Australian Epidemiologist Carves Out A
Role On Social Media
Blogging,
Tweeting, and Podcasting To Counter Misleading Presentations Of
Scientific Findings
An
epidemiologist working in diabetes and chronic disease with Blacktown
Hospital in Sydney Australia and calling himself Gid M-K Health Nerd
has created a blog on public health and science topics in the media,
many of them about misleading articles and headlines. Begun three
years ago by Gideon Meyerowitz Katz (aka Gid M-K), the blog,
which has some 14,000 followers, has addressed such topics as:
Bacon Is Not The Enemy
5 Misleading Headlines Sponsored By The Food Industry
Sugar Isn’t Giving Us All Cancer
Roundup Isn’t Poisoning Your Cheerios
Blueberries Can’t Treat Heart Disease
Relative vs Absolute Risk
Twitter Account
This latter topic about risk was the trigger for the
creation of a Twitter account started three months ago with the handle
@justsayrisks. Its tagline is “both relatively risky and relatively
funny but absolutely scientific.”
Gid M-K identifies a study’s
reported relative risk followed by his or the study’s calculation of
the actual absolute risk. The goal is to show people that the risk
they may have envisioned in hearing or reading about the study in the
media was in all likelihood the relative risk and that seeing the
absolute risk gives the reader a quite different perspective.
Examples
Examples posted on the Twitter account include a study
which claimed that diabetes could raise the risk of stillbirth by four
times or 300-400% whereas the absolute risk was calculated as 1-1.8%.

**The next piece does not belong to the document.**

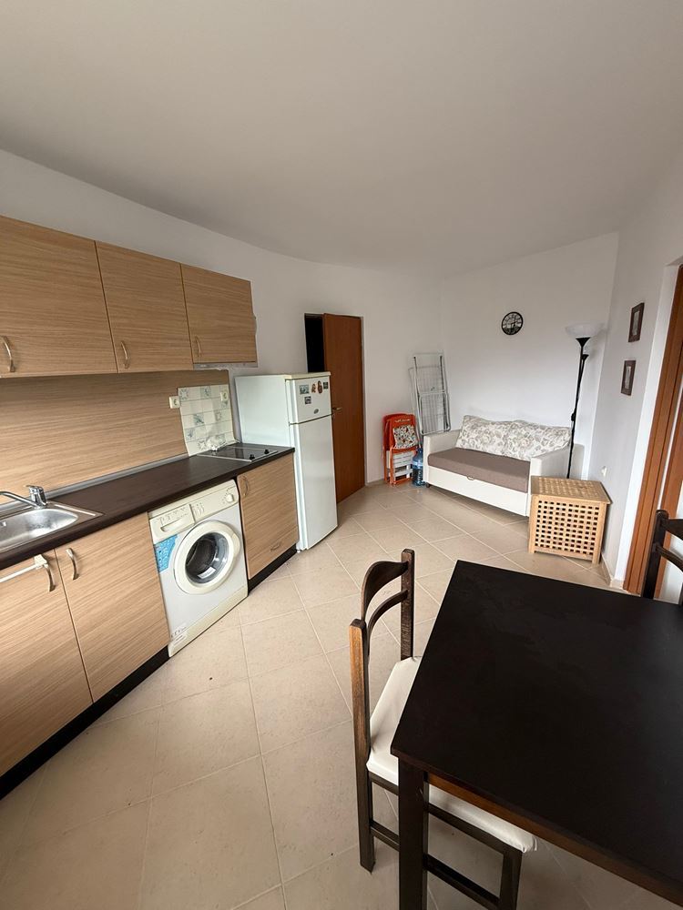 Wir präsentieren Ihnen eine gemütliche Zweizimmerwohnung mit einer Gesamtfläche von 46 m² in einer gepflegten Anlage in Sonnenstrand. Das Gebäude bietet Komfort und bequemen Zugang für Bewohner und Gäste. Die Wohnung verfügt über eine durchdachte Aufteilung: ein geräumiges Wohnzimmer mit Platz für Küchenzeile und Essbereich, ein separates Schlafzimmer, ein Badezimmer und einen Balkon – perfekt für den Morgenkaffee oder abendliche Entspannung. Ideal als Feriendomizil oder zur Vermietung.

Another reported that people who spend 5 hours or more per day on
their phone are 43% more likely to be obese whereas the absolute risk
increase was estimated at 1-2%. There are multiple other examples he
tweets about.
Origins
According to Gid M-K, the account “speaks to people”
because of its simplicity. The idea for the Twitter account actually
came from the creation of a friend who started a wildly popular
Twitter account @justsayinmice. That account advocates countering many
misleading headlines in media reports of scientific studies by
pointing out early in the article that the study was conducted in
mice.
It was a “brilliant idea”, an overnight success on
Twitter said Gid M-K. He told the Epi Monitor he wanted to steal the
idea by creating relativelyrisky@justsayrisks. Gid M-K had been misled
himself by earlier reports about the risks of ibuprofen and heart
attacks because the relative risks were presented in a misleading way
and he wanted to help correct this misleading approach in the media.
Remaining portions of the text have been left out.